Two-plus-two meetings this week between U.S. Secretary of State Antony Blinken and Secretary of Defense Lloyd J. Austin III and their Philippine counterparts -- the first such dialogue in seven years -- will focus on upgrading the nations' alliance vis-a-vis China.

A stronger bilateral alliance in turn is serving as a foundation for wider cooperation in new, informal "minilateral" groupings, especially the emerging JAPHUS trilateral formation with Japan.

Both the Philippines and Japan are U.S. treaty allies and have naval facilities close to Taiwan. Military interoperability and tighter strategic coordination among the JAPHUS allies will be crucial to deterring China's revanchist ambitions. Upon Tokyo's request, U.S. National Security Adviser Jake Sullivan is expected to meet with his Japanese and Philippine counterparts later this month to iron out expanded military cooperation.

Political momentum undergirds the new power grouping. Authoritative surveys show that a majority of Filipinos support tighter security cooperation with both Japan and the U.S. to check China's expansion in the South China Sea.

Crucially, the Philippine Senate, which would have to ratify any major defense treaty, is supportive of enhanced security links. Senate President Miguel Zubiri has publicly backed the notion of a reciprocal base access agreement with Japan, as well as a visiting forces agreement, as "a major boost to our defense systems and practices." For its part, Japan has just launched a new security aid program to help like-minded neighbors including the Philippines.
Philippine Senate President Miguel Zubiri has publicly backed the notion of a reciprocal base access agreement with Japan, as well as a visiting forces agreement. (Sipa via AP Images)

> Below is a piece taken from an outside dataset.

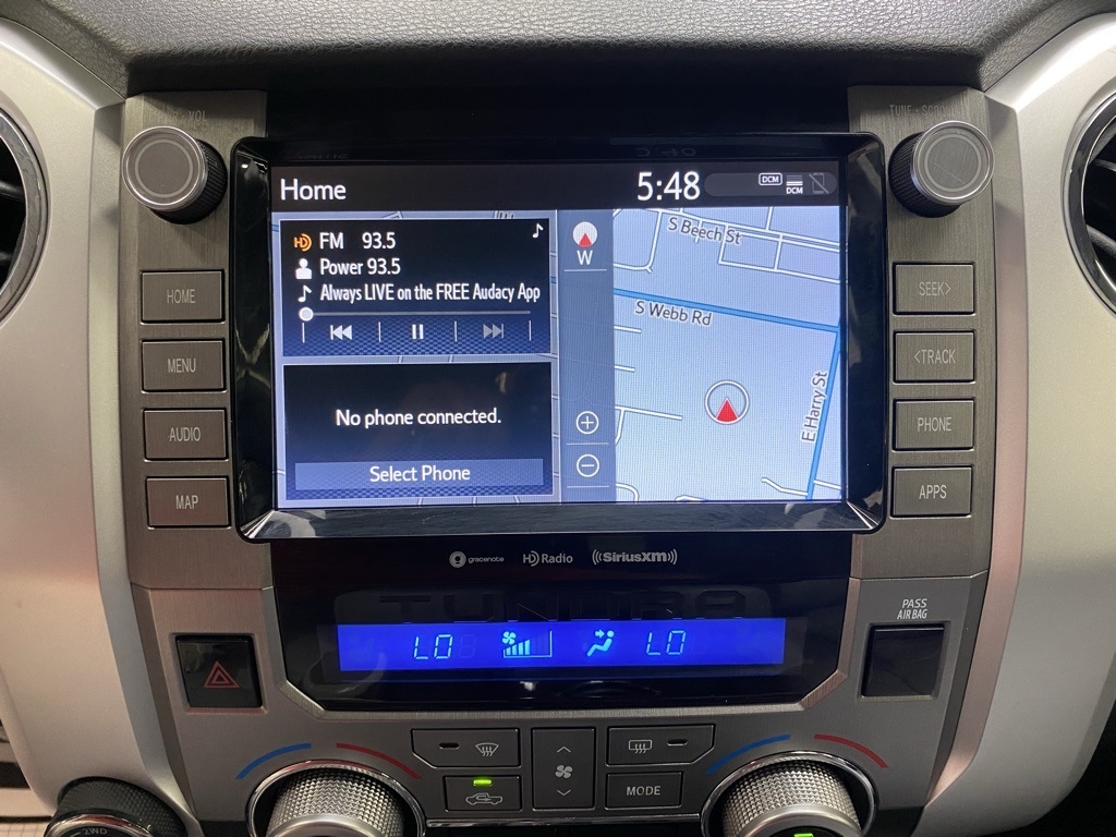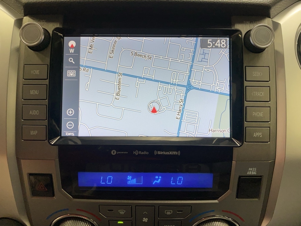 CARFAX One-Owner. THIS VEHICLE IS EQUIPPED WITH THE FOLLOWING FEATURES AND OPTIONS 4-Wheel Disc Brakes, 4.30 Axle Ratio, 9 Speakers, ABS brakes, Air Conditioning, Alloy wheels, AM/FM radio: SiriusXM, Apple CarPlay/Android Auto, Auto High-beam Headlights, Auto-dimming Rear-View mirror, Automatic temperature control, Brake assist, Compass, Delay-off headlights, Driver door bin, Driver vanity mirror, Dual front impact airbags, Dual front side impact airbags, Electronic Stability Control, Emergency communication system: Safety Connect with 1-year trial, Exterior Parking Camera Rear, Front anti-roll bar, Front Bucket Seats, Front Center Armrest, Front dual zone A/C, Front fog lights, Front reading lights, Front wheel independent suspension, Fully automatic headlights, Garage door transmitter: HomeLink, Heated door mirrors, Heated Front Bucket Seats, Heated front seats, Illuminated entry, Knee airbag, Leather Seat Trim (LB), Low tire pressure warning, Navigation system: Dynamic Navigation (3-year trial), Occupant sensing airbag, Outside temperature display, Overhead airbag, Overhead console, Panic alarm, Passenger door bin, Passenger vanity mirror, Power door mirrors, Power driver seat, Power passenger seat, Power steering, Power windows, Radio data system, Radio: Premium Audio w/Dynamic Navigation, Rear reading lights, Rear seat center armrest, Rear step bumper, Rear window defroster, Remote Connect, Remote keyless entry, Safety Connect, Security system, Service Connect, SiriusXM Radio, Speed control, Speed-sensing steering, Split folding rear seat, Steering wheel mounted audio controls, Tachometer, Telescoping steering wheel, Tilt steering wheel, Traction control, Trip computer, Variably intermittent wipers, Voltmeter, and Wheels: 20" Split 5-Spoke Machined Alloy. Clean CARFAX. Silver 2021 Toyota Tundra Limited 4WD 6-Speed Automatic Electronic i-Force 5.7L V8 DOHC 32V LEV

Meanwhile, Manila is also pushing for quadrilateral security cooperation such as joint patrols in the South China Sea that would include Australia. The four countries will conduct their largest-ever joint exercises this month, with as many as 17,000 troops expected to attend the Philippines' annual Balikatan drills, this time being held close to the disputed Scarborough Shoal.

Last year, the Philippines conducted quadrilateral drills involving Japan, South Korea and the U.S. as part of the Kamandag exercises, with some held near the South China Sea.

 Marcos should continue to ably leverage new geopolitical alignments to boost his country's deterrence capabilities as well as to expedite the modernization of the Philippine military through the acquisition of advanced armaments and warfare training.

But at the same time, Manila has to avoid excessively antagonizing China, a top trading partner.

Unsurprisingly, Beijing is already perturbed by the Philippines' strategic redirection. So Marcos must prepare for potential retribution by working with allies to protect critical infrastructure and democratic institutions from external sabotage. He should also steadily expand trade and investment relations with the West and Japan to mitigate against potential informal Chinese sanctions.

In fairness, there are indications that Manila is still hedging its bets, refusing to fully align with the West against China yet.

To stanch Beijing's fears, the Marcos administration relocated some major war games with the U.S. away from Taiwan. Manila also has yet to give Washington access to a number of its most prized northern military bases, particularly those on the islands of Fuga and Mavulis, around 100 nautical miles from Taiwan.

Over the coming years, the Marcos administration will have to constantly balance deterrence in tandem with allies and engagement with China to protect the Philippines' national interests.